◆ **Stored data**

________________

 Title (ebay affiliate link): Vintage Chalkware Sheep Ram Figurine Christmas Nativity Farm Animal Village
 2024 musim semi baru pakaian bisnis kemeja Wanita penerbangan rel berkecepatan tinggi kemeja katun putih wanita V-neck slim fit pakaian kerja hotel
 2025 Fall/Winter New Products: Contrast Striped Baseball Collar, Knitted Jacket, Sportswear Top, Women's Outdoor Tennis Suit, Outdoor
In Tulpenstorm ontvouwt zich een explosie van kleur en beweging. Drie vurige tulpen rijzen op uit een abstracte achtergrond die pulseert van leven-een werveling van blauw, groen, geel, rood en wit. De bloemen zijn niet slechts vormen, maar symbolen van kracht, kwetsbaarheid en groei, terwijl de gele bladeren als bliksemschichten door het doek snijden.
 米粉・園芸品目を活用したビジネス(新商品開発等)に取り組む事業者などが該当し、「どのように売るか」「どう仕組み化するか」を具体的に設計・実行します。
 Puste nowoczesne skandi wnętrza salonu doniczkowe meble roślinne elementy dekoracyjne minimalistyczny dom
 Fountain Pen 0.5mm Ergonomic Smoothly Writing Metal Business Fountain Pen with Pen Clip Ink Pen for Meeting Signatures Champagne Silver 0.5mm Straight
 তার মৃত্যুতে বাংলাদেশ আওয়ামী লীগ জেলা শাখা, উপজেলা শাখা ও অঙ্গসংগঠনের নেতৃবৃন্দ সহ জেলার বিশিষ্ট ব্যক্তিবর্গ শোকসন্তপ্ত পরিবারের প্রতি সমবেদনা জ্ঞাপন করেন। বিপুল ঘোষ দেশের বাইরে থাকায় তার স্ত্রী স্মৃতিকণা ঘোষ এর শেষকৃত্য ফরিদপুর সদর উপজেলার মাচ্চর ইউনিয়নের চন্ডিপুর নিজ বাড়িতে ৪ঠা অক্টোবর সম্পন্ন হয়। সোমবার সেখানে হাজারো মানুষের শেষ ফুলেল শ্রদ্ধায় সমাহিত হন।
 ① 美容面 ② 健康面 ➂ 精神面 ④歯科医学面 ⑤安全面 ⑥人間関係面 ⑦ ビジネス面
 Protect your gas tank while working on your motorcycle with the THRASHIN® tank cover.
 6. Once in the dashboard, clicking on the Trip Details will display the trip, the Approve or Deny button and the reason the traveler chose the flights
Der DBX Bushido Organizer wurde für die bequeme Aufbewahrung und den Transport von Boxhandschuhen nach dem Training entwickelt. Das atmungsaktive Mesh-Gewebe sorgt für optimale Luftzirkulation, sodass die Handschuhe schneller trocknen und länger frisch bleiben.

________________

Could you reproduce every record exactly as it appears?

◆ **YOUR RESPONSE**
 Title (ebay affiliate link): Vintage Chalkware Sheep Ram Figurine Christmas Nativity Farm Animal Village
 2024 musim semi baru pakaian bisnis kemeja Wanita penerbangan rel berkecepatan tinggi kemeja katun putih wanita V-neck slim fit pakaian kerja hotel
 2025 Fall/Winter New Products: Contrast Striped Baseball Collar, Knitted Jacket, Sportswear Top, Women's Outdoor Tennis Suit, Outdoor
In Tulpenstorm ontvouwt zich een explosie van kleur en beweging. Drie vurige tulpen rijzen op uit een abstracte achtergrond die pulseert van leven-een werveling van blauw, groen, geel, rood en wit. De bloemen zijn niet slechts vormen, maar symbolen van kracht, kwetsbaarheid en groei, terwijl de gele bladeren als bliksemschichten door het doek snijden.
 米粉・園芸品目を活用したビジネス(新商品開発等)に取り組む事業者などが該当し、「どのように売るか」「どう仕組み化するか」を具体的に設計・実行します。
 Puste nowoczesne skandi wnętrza salonu doniczkowe meble roślinne elementy dekoracyjne minimalistyczny dom
 Fountain Pen 0.5mm Ergonomic Smoothly Writing Metal Business Fountain Pen with Pen Clip Ink Pen for Meeting Signatures Champagne Silver 0.5mm Straight
 তার মৃত্যুতে বাংলাদেশ আওয়ামী লীগ জেলা শাখা, উপজেলা শাখা ও অঙ্গসংগঠনের নেতৃবৃন্দ সহ জেলার বিশিষ্ট ব্যক্তিবর্গ শোকসন্তপ্ত পরিবারের প্রতি সমবেদনা জ্ঞাপন করেন। বিপুল ঘোষ দেশের বাইরে থাকায় তার স্ত্রী স্মৃতিকণা ঘোষ এর শেষকৃত্য ফরিদপুর সদর উপজেলার মাচ্চর ইউনিয়নের চন্ডিপুর নিজ বাড়িতে ৪ঠা অক্টোবর সম্পন্ন হয়। সোমবার সেখানে হাজারো মানুষের শেষ ফুলেল শ্রদ্ধায় সমাহিত হন।
 ① 美容面 ② 健康面 ➂ 精神面 ④歯科医学面 ⑤安全面 ⑥人間関係面 ⑦ ビジネス面
 Protect your gas tank while working on your motorcycle with the THRASHIN® tank cover.
 6. Once in the dashboard, clicking on the Trip Details will display the trip, the Approve or Deny button and the reason the traveler chose the flights
Der DBX Bushido Organizer wurde für die bequeme Aufbewahrung und den Transport von Boxhandschuhen nach dem Training entwickelt. Das atmungsaktive Mesh-Gewebe sorgt für optimale Luftzirkulation, sodass die Handschuhe schneller trocknen und länger frisch bleiben.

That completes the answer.